== INPUT MATERIAL ==

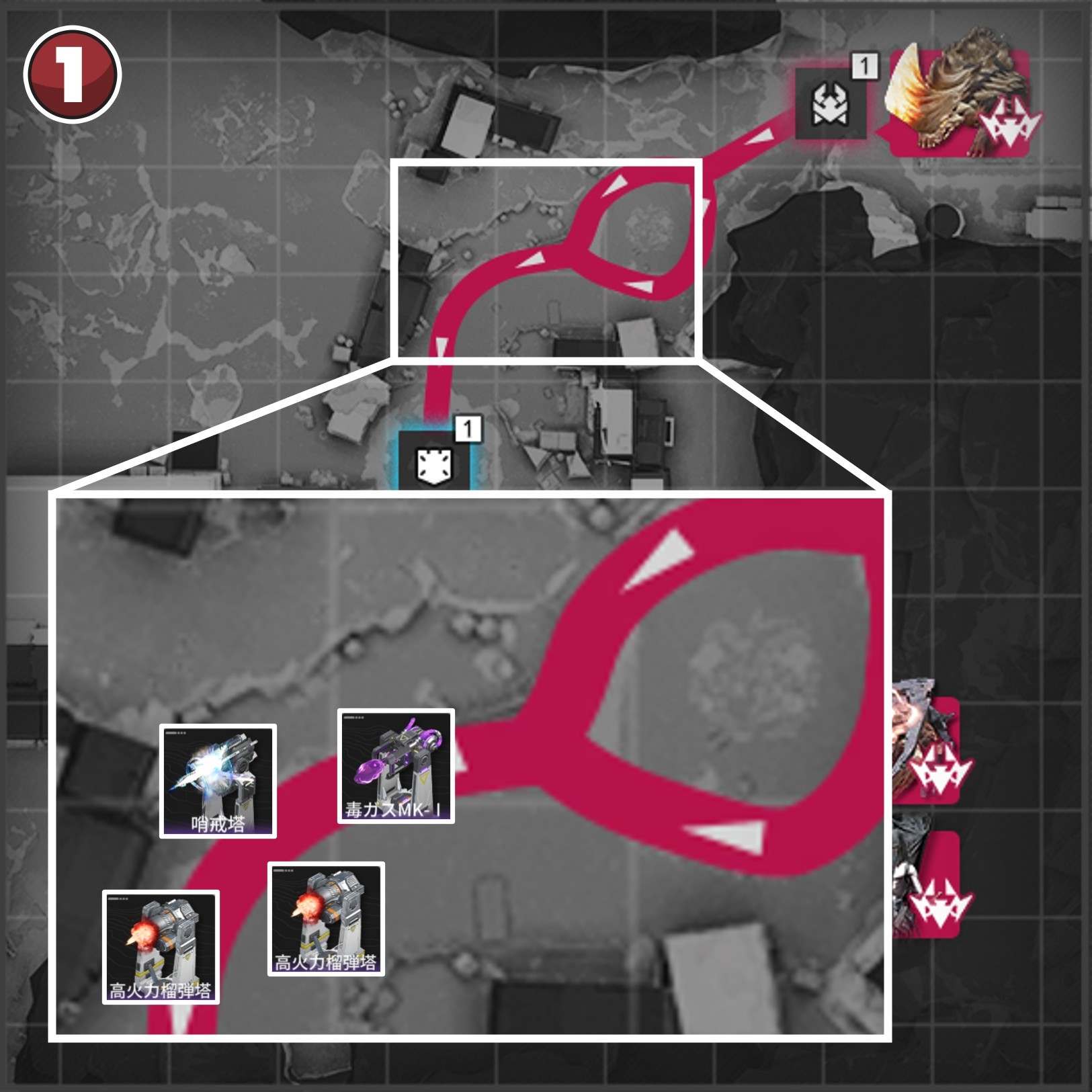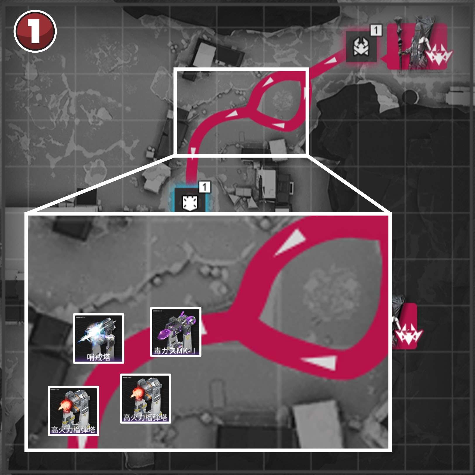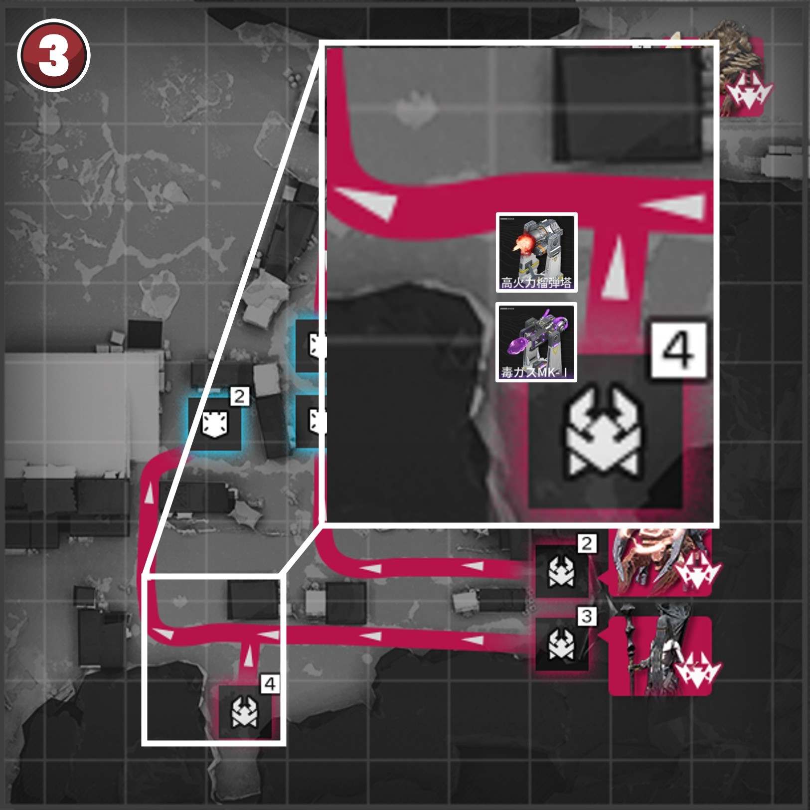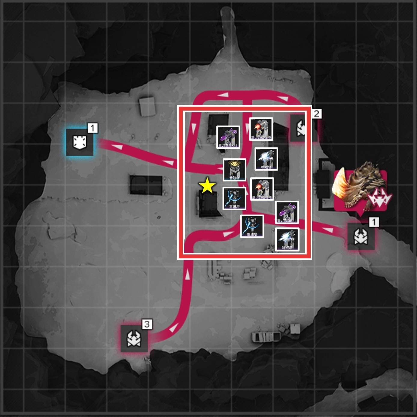 拠点防衛時は、侵入ルート付近で撃破を狙いましょう。複数侵入ルートがある場合、合流地点を狙う方が簡単に見えますが、一部の敵は周囲の敵にバフを付与するスキルを使用するため、合流されると倒し切れない恐れがあります。
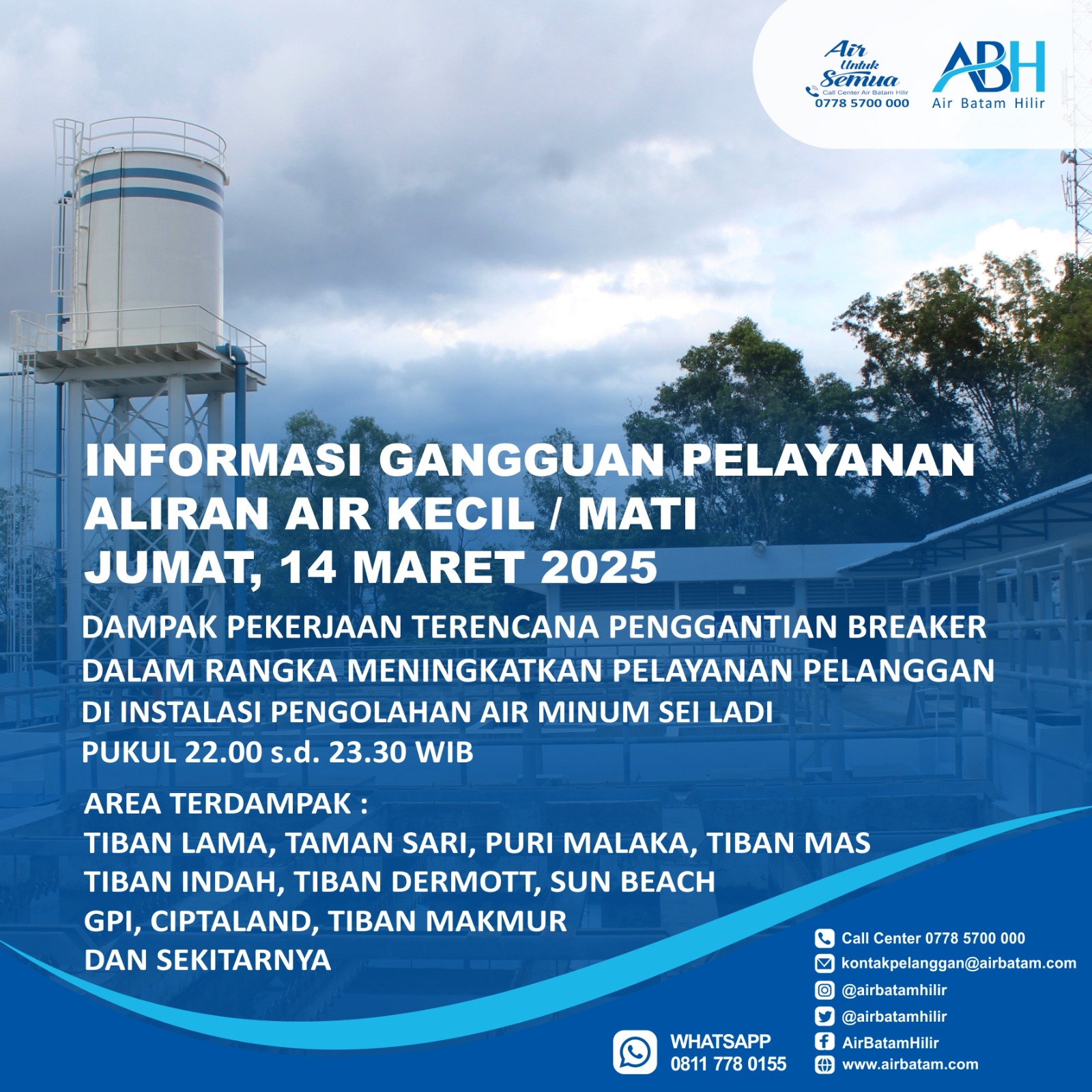 Batam -Air Batam Hilir menginformasikan, pelaksanaan pekerjaan terencana Penggantian Breaker Incoming Intake Phase 2 di Instalasi Pengolahan Air Minum Sei Ladi, yang bertujuan untuk meningkatkan pelayanan pelanggan dan akan dilakukan pada :Jumat, 14 Maret 2025 Pukul, 22.00 s.d. 23.30 WIB
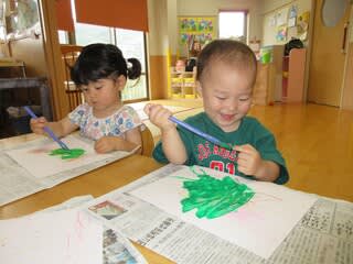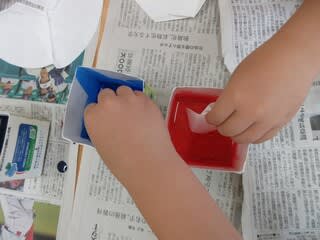 じわじわと絵の具が染み込んでいく様子に歓声をあげていた子どもたちでした(^^♪
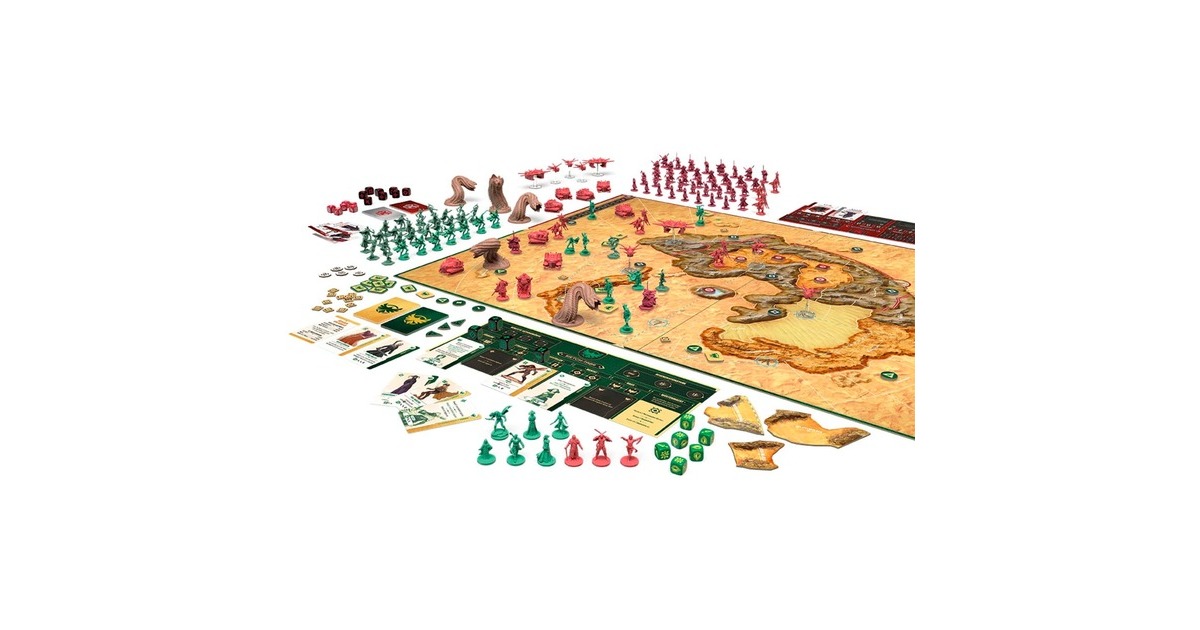 129 Miniaturen, 24 Würfel, 2 Spielplanteile, 7 Tableaus, 125 Karten, 86 Marker, 9 Kunststoffhalter, Anleitung |
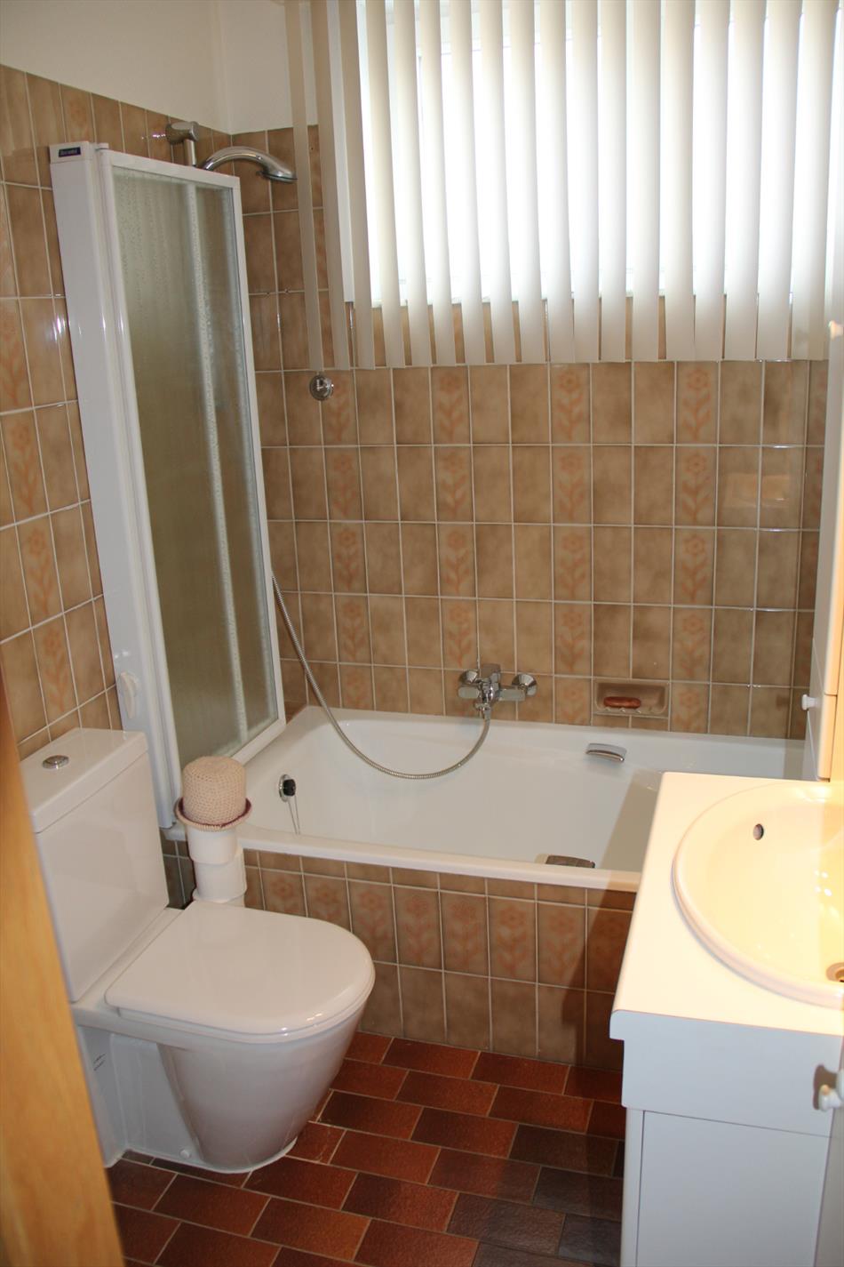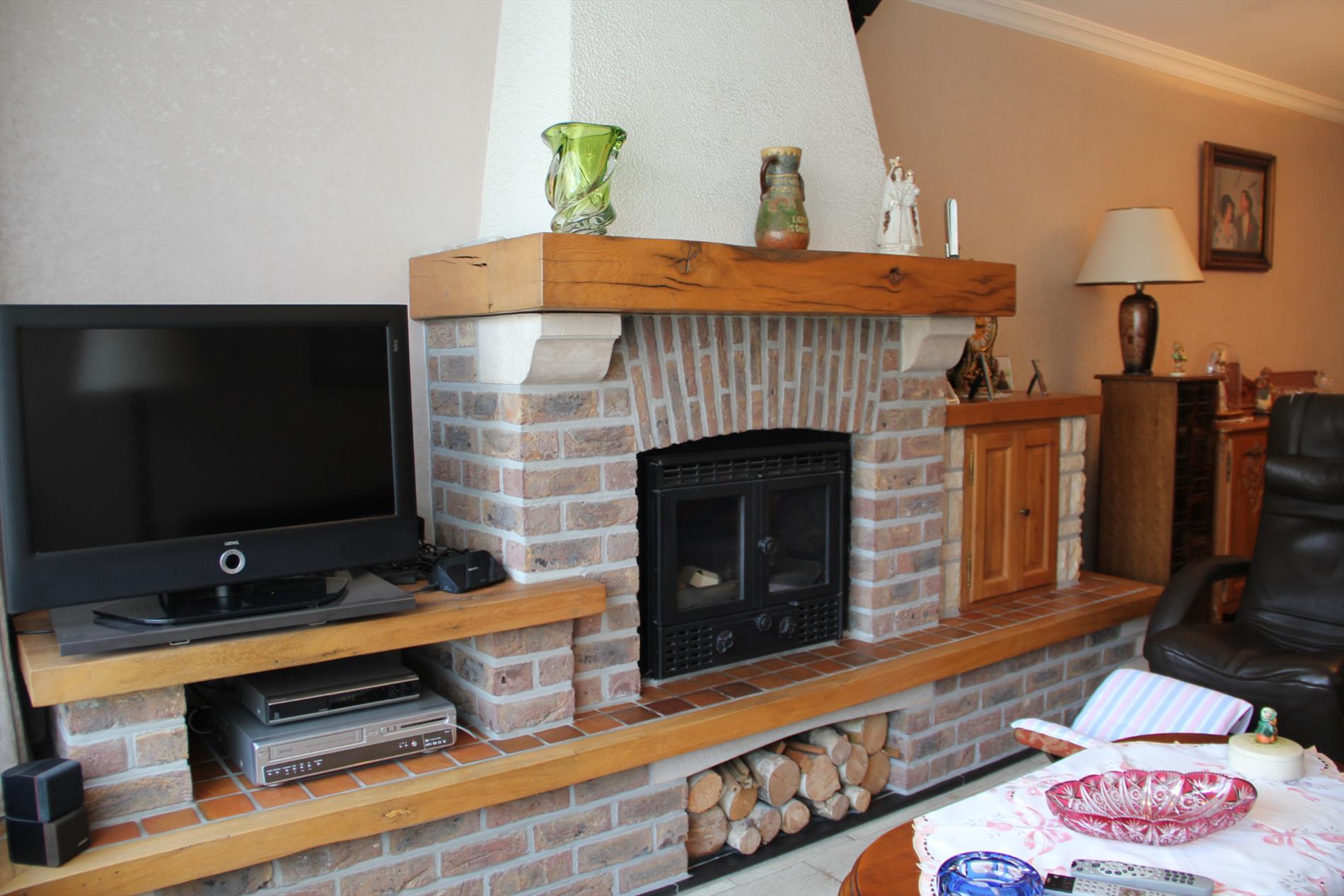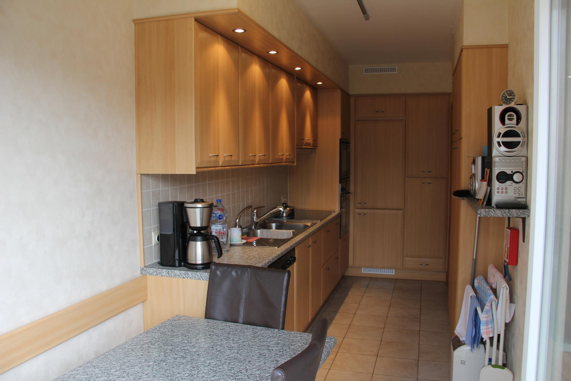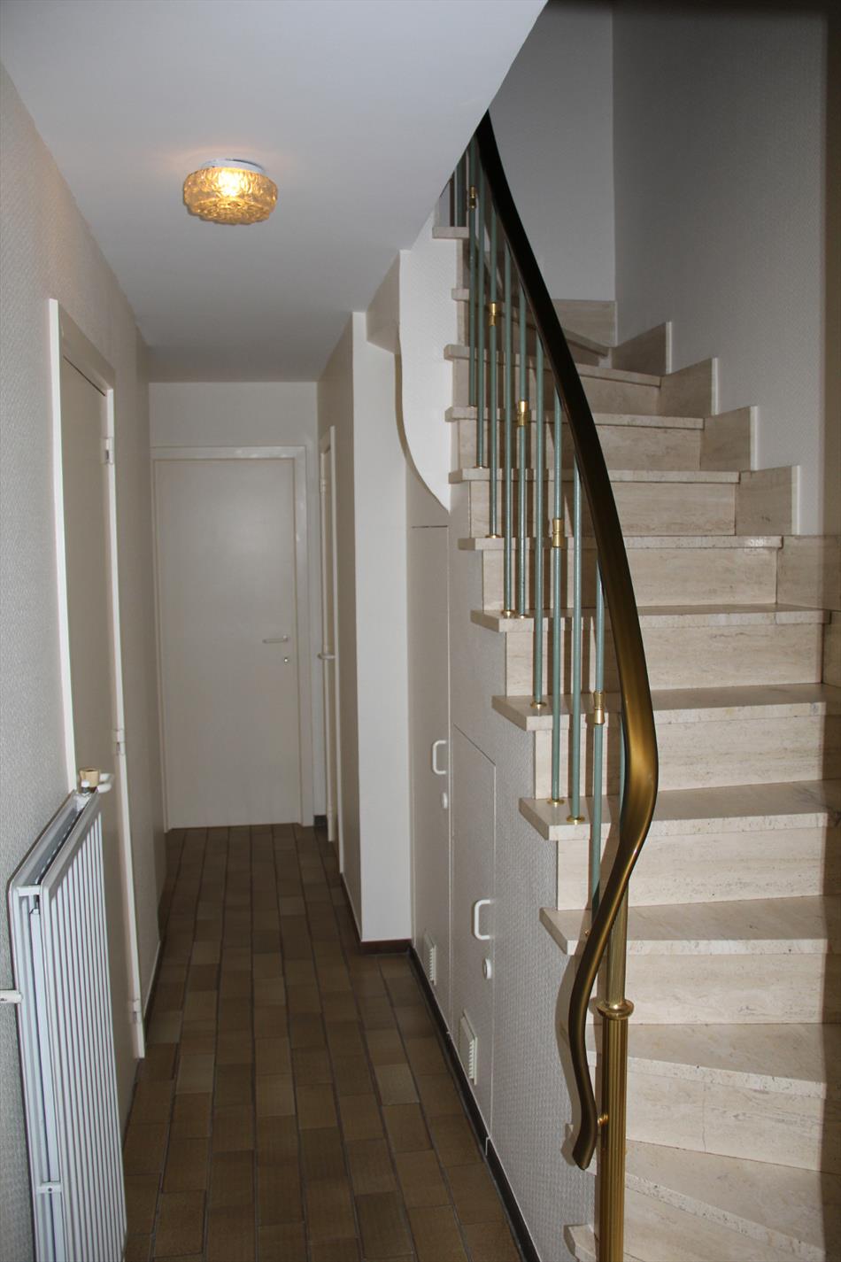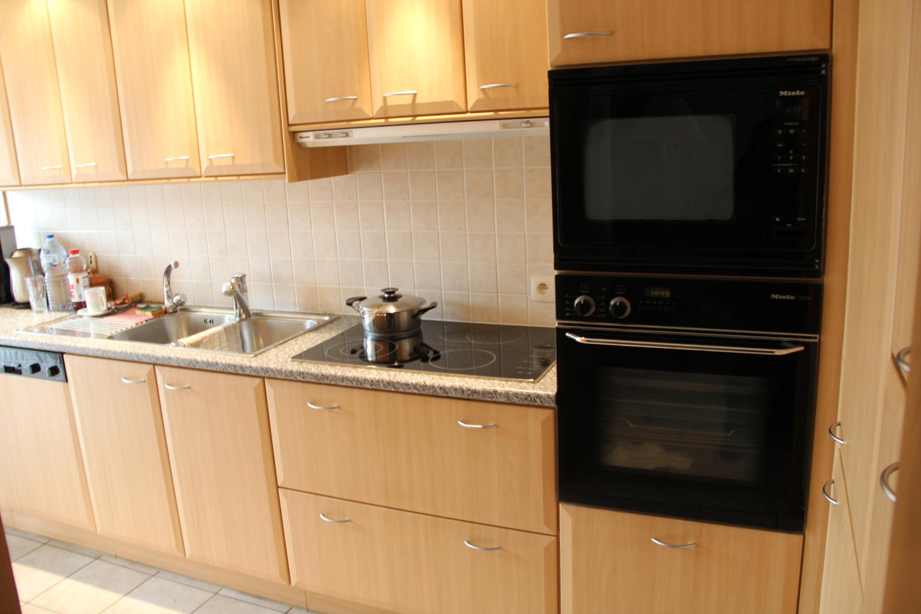 - Bel-étage: overloop + eiken trap,- living (7,50 x 3,80) met videofoon en sierschouw in rustiek metselwerk +-openhaard-inbouwcassette,- keuken (5,71 x 2) met L-vormige keukenblok (onder- en bovenkasten in es) + ingebouwde dubbele inox afwasbak, ceramische kookplaat, dampkap, micro-combi-oven, vaatwas, frigo, en diepvriezer (Miele toestellen),- 2de slaapkamer (3,82 x 3,60),- badkamer (2,30 x 1,80) met ligbad + douchescherm, toiletmeubel + lavabo, en w.c.,-en terras (+ elektrische zonnescherm) ;
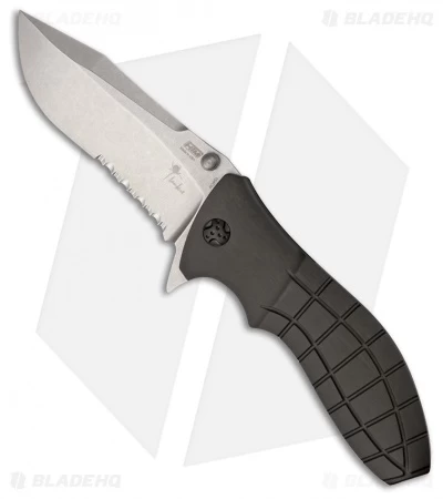 The Snap is a Kirby Lambert designed flipper from HTM Knives. It has a hard coated aircraft aluminum handle, machined with a unique grenade grip pattern. This model includes a tip-up carry pocket clip and a spring assisted mechanism for quick and precise opening action. The Snap has a great feel in hand and it’s perfect for tactical or EDC carry.

===

TASK TO CARRY OUT - Would you set down only the lines above from the line with "Batam -Air Batam" to the line with "129 Miniaturen, 24", both included, exactly as they stand and without the pictures?

REPLY TO THE TASK -
 Batam -Air Batam Hilir menginformasikan, pelaksanaan pekerjaan terencana Penggantian Breaker Incoming Intake Phase 2 di Instalasi Pengolahan Air Minum Sei Ladi, yang bertujuan untuk meningkatkan pelayanan pelanggan dan akan dilakukan pada :Jumat, 14 Maret 2025 Pukul, 22.00 s.d. 23.30 WIB
 じわじわと絵の具が染み込んでいく様子に歓声をあげていた子どもたちでした(^^♪
 129 Miniaturen, 24 Würfel, 2 Spielplanteile, 7 Tableaus, 125 Karten, 86 Marker, 9 Kunststoffhalter, Anleitung |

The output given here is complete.